(Beginning of MATERIAL PROVIDED)

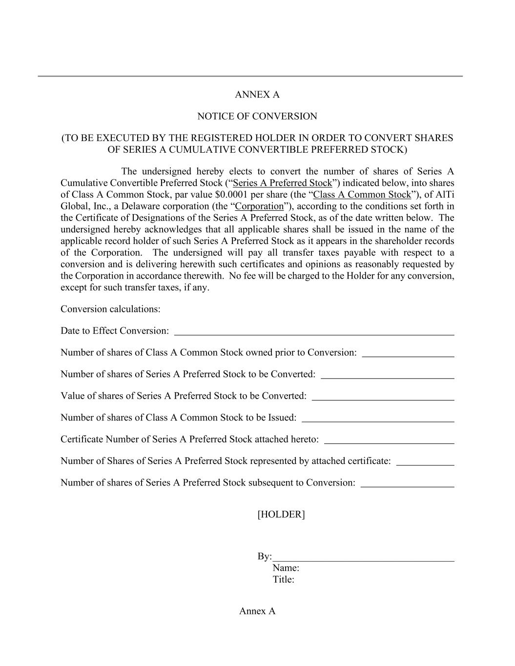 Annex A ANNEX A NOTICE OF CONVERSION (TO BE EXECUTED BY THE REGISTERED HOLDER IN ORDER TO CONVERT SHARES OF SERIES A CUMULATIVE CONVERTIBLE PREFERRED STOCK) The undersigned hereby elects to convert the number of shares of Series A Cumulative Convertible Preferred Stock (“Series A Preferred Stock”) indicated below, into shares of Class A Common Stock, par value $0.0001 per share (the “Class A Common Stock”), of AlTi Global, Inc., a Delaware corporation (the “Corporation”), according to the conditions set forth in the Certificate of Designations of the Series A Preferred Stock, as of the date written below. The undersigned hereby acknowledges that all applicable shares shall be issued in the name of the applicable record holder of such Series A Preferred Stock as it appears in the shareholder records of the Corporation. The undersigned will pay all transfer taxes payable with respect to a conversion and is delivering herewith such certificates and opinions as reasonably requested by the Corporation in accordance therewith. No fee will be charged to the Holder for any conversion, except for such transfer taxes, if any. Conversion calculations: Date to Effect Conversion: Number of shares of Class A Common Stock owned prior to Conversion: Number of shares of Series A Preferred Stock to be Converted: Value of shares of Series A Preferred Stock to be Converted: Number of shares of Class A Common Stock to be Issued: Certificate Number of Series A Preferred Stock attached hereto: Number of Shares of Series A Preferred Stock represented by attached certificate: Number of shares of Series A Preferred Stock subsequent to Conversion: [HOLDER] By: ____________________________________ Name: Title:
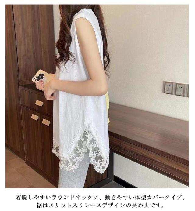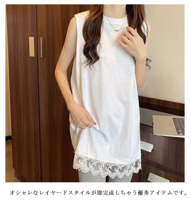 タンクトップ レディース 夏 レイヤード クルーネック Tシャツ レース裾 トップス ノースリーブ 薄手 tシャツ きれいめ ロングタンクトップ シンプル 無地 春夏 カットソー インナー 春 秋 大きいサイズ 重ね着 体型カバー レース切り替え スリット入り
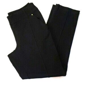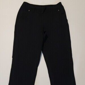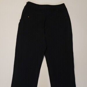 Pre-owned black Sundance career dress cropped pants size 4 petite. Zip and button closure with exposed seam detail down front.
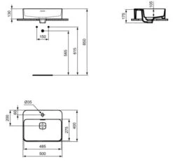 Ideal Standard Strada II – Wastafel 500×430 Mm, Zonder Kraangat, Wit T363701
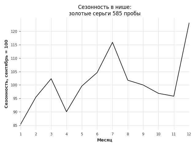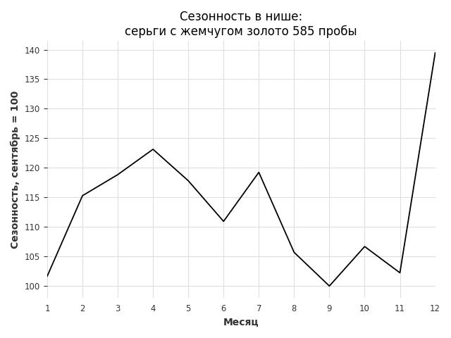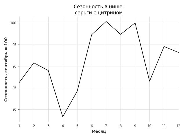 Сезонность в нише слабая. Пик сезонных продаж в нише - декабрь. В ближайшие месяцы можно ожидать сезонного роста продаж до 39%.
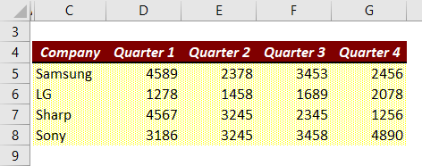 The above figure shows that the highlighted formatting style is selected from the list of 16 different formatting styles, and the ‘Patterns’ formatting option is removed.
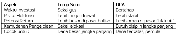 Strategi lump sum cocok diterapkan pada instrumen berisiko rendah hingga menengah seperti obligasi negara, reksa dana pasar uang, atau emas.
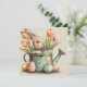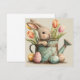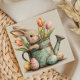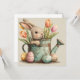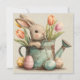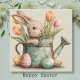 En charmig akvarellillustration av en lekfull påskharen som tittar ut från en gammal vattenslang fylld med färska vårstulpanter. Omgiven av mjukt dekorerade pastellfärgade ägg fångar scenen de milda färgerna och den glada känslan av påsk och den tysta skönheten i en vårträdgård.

(End of MATERIAL PROVIDED)
(Beginning of MATERIAL PROVIDED)

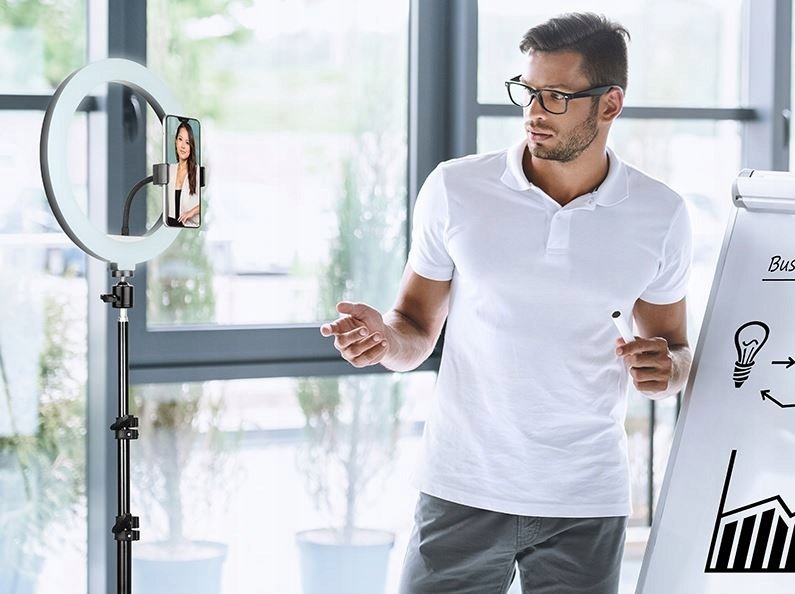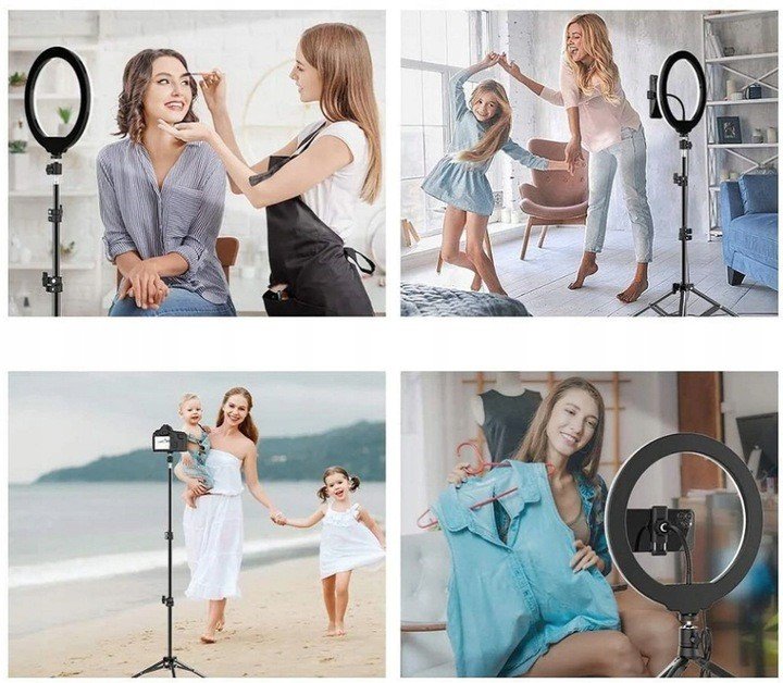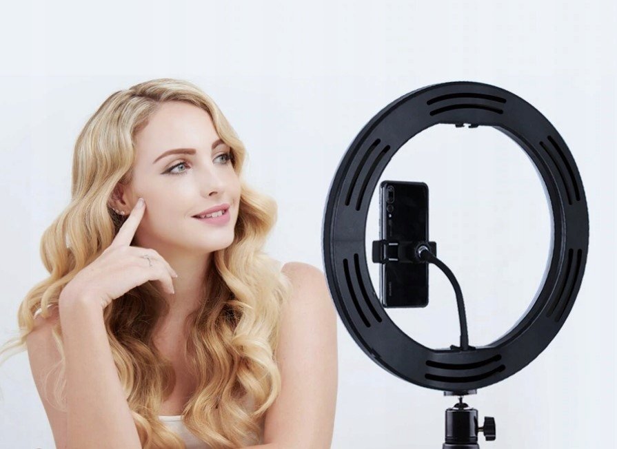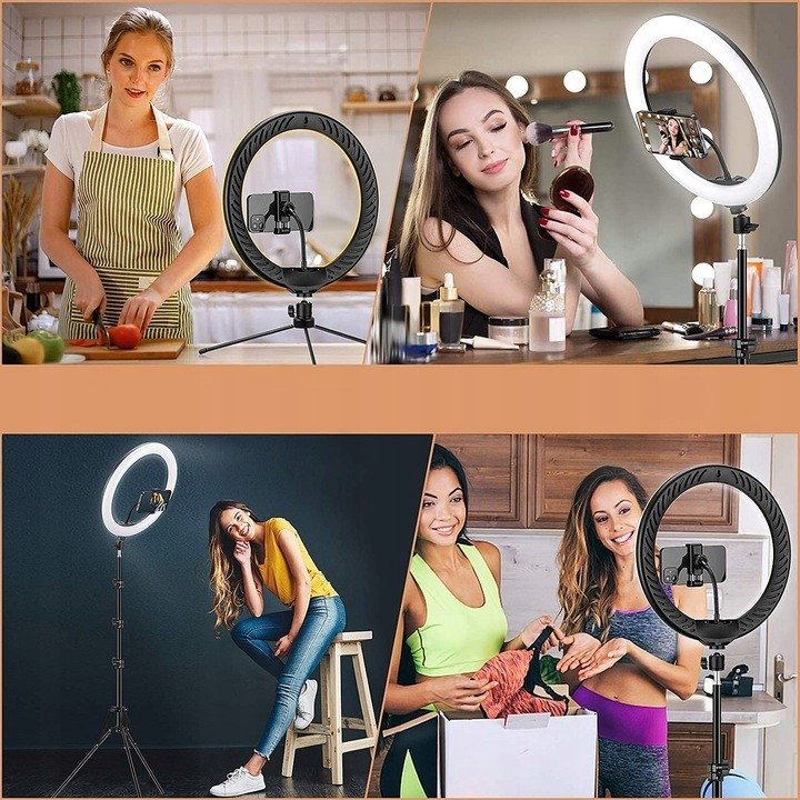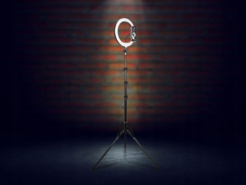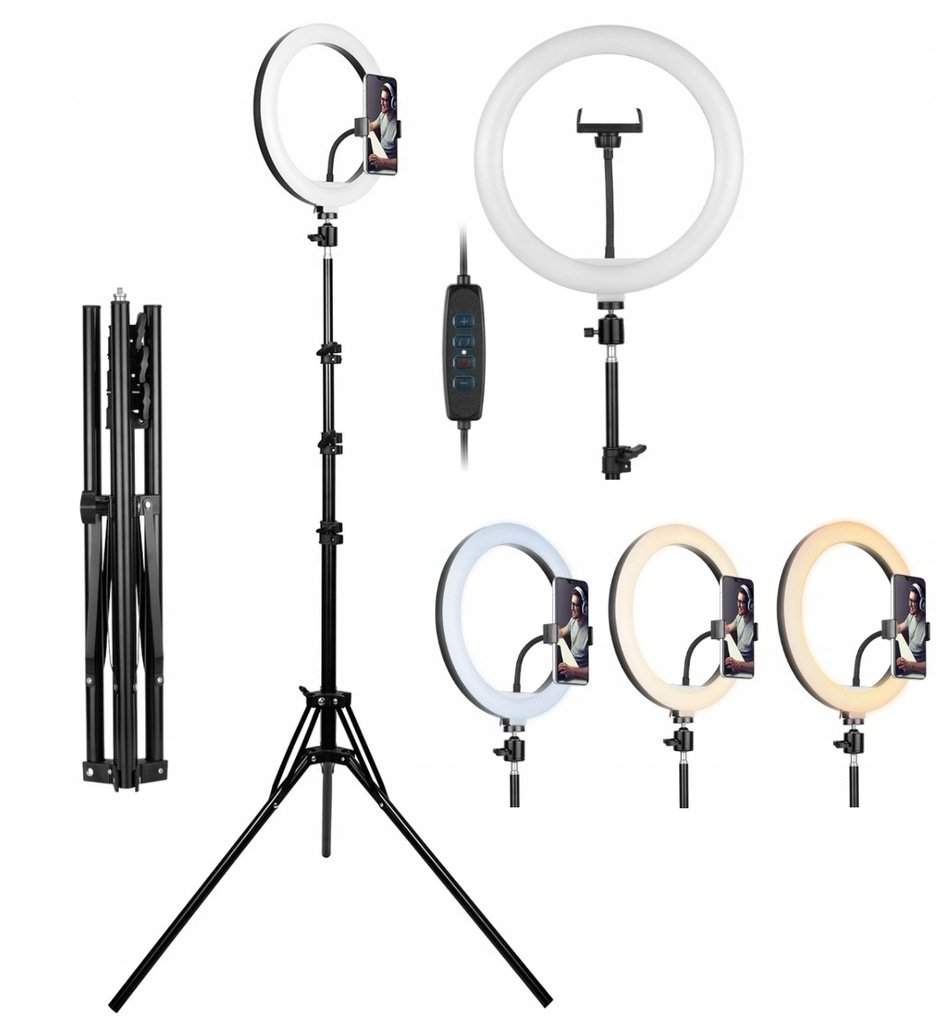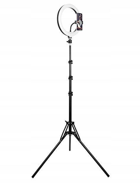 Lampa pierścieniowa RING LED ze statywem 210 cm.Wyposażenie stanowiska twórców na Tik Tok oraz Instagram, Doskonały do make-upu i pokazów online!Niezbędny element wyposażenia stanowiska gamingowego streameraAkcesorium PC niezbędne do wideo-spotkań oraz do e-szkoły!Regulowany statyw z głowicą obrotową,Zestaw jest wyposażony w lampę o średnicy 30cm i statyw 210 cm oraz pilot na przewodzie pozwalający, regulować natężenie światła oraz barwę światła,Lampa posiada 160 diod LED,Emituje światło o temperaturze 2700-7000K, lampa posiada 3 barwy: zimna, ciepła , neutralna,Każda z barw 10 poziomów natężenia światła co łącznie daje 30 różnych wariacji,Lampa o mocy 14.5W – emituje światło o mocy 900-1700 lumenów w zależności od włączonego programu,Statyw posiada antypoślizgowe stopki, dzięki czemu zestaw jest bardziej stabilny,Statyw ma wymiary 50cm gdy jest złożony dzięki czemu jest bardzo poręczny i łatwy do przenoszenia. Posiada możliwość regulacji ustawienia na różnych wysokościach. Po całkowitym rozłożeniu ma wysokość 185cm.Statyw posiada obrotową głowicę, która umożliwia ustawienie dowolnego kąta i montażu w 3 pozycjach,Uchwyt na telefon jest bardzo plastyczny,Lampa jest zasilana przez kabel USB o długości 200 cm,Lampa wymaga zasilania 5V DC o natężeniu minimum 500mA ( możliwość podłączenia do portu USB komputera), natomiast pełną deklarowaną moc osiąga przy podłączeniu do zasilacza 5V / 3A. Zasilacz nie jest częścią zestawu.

(End of MATERIAL PROVIDED)
(Beginning of MATERIAL PROVIDED)

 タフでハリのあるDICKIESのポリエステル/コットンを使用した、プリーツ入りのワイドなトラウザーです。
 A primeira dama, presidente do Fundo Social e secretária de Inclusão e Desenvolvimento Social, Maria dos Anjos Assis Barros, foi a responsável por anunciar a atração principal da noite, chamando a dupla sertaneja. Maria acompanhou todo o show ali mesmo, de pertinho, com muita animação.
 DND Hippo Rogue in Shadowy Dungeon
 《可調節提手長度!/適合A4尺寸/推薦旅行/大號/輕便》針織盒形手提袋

(End of MATERIAL PROVIDED)

### WHAT IS EXPECTED:
Everything above from the line containing "Ideal Standard Strada" down to the line containing "En charmig akvarellillustration" is to be duplicated exactly, both lines included, and the pictures are to be omitted.

### EXERCISE SOLUTION:
 Ideal Standard Strada II – Wastafel 500×430 Mm, Zonder Kraangat, Wit T363701
 Сезонность в нише слабая. Пик сезонных продаж в нише - декабрь. В ближайшие месяцы можно ожидать сезонного роста продаж до 39%.
 The above figure shows that the highlighted formatting style is selected from the list of 16 different formatting styles, and the ‘Patterns’ formatting option is removed.
 Strategi lump sum cocok diterapkan pada instrumen berisiko rendah hingga menengah seperti obligasi negara, reksa dana pasar uang, atau emas.
 En charmig akvarellillustration av en lekfull påskharen som tittar ut från en gammal vattenslang fylld med färska vårstulpanter. Omgiven av mjukt dekorerade pastellfärgade ägg fångar scenen de milda färgerna och den glada känslan av påsk och den tysta skönheten i en vårträdgård.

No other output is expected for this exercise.